> _Exercise goal_: The expected answer is the full listing, repeated exactly and free of images.

> _Data extract_:
--

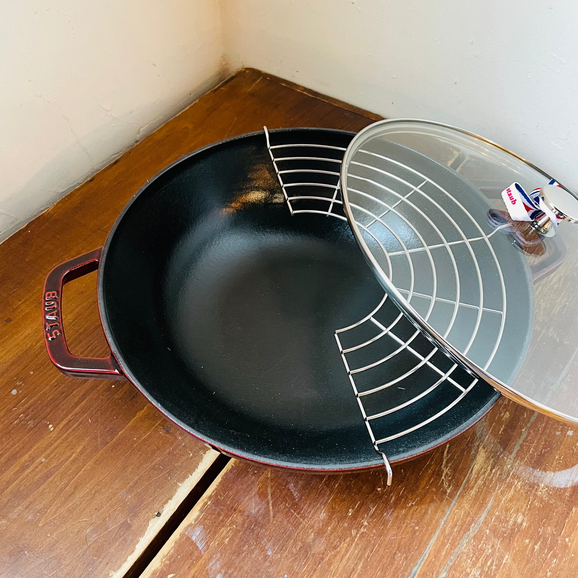 The STAUB Perfect Pan is a sturdy cast iron wok for quick-cooking dinners like stir fries, and other one pot meals. Not just for stir-fries, this pan is designed for searing, sautéing, browning, steaming, and deep frying as well. Wide, angled sides facilitate stirring without spilling and help to reduce grease splatter on the stovetop. Thanks to its cast iron construction, the pan retains heat remarkably well, ensuring even cooking throughout.
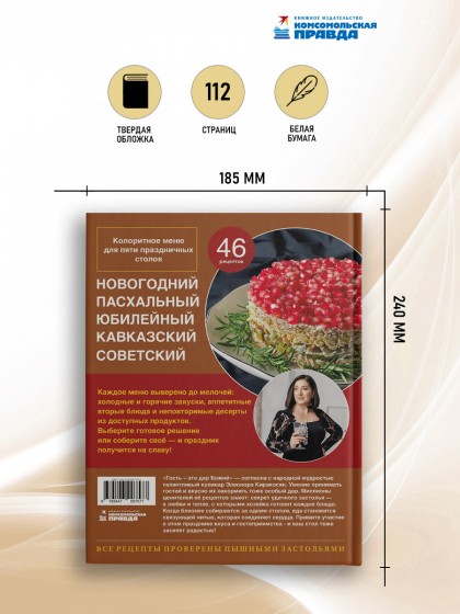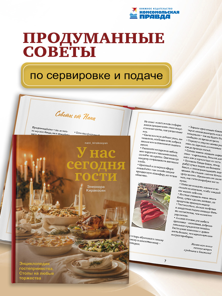 Искусство гостеприимства бесценно. Для популярного кулинара Нани Киракосян принимать гостей и накрывать щедрый стол — настоящее призвание. На страницах этой книги она делится секретами безупречных застолий, которые точно захочется повторить. Меню для пяти самых популярных поводов — Нового года, юбилея, Пасхи, кавказского ужина или ретро-праздника в советском стиле. Каждое из них продумано до мелочей и включает блюда на любой вкус: салат «Оливье», ароматный жульен, рулет из свиной вырезки с грушами и сыром, запечённые перепёлки, сациви, нежная пахлава, торт-эклер «Крокембуш» и многое другое сытное, красивое и, главное, по-домашнему вкусное. Присоединяйтесь к этому празднику вкуса и гостеприимства, и ваш стол засияет радостью.
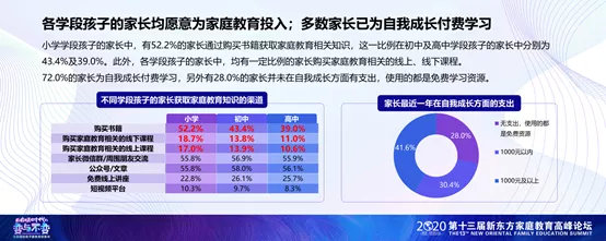 从网上去找公众号、文章,去找亲朋好友、和其他父母聊天,甚至购买书籍,去网上学习,去购买线下课程、购买线上课程,利用短视频学习,这些都是家长获取家庭教育知识的方式。 并且各个学龄段的家长,都愿意为自己学习家庭教育、提高自己的育儿理念进行投入,大多数家长已经在为自我成长付费。

--

> _Output_:
 The STAUB Perfect Pan is a sturdy cast iron wok for quick-cooking dinners like stir fries, and other one pot meals. Not just for stir-fries, this pan is designed for searing, sautéing, browning, steaming, and deep frying as well. Wide, angled sides facilitate stirring without spilling and help to reduce grease splatter on the stovetop. Thanks to its cast iron construction, the pan retains heat remarkably well, ensuring even cooking throughout.
 Искусство гостеприимства бесценно. Для популярного кулинара Нани Киракосян принимать гостей и накрывать щедрый стол — настоящее призвание. На страницах этой книги она делится секретами безупречных застолий, которые точно захочется повторить. Меню для пяти самых популярных поводов — Нового года, юбилея, Пасхи, кавказского ужина или ретро-праздника в советском стиле. Каждое из них продумано до мелочей и включает блюда на любой вкус: салат «Оливье», ароматный жульен, рулет из свиной вырезки с грушами и сыром, запечённые перепёлки, сациви, нежная пахлава, торт-эклер «Крокембуш» и многое другое сытное, красивое и, главное, по-домашнему вкусное. Присоединяйтесь к этому празднику вкуса и гостеприимства, и ваш стол засияет радостью.
 从网上去找公众号、文章,去找亲朋好友、和其他父母聊天,甚至购买书籍,去网上学习,去购买线下课程、购买线上课程,利用短视频学习,这些都是家长获取家庭教育知识的方式。 并且各个学龄段的家长,都愿意为自己学习家庭教育、提高自己的育儿理念进行投入,大多数家长已经在为自我成长付费。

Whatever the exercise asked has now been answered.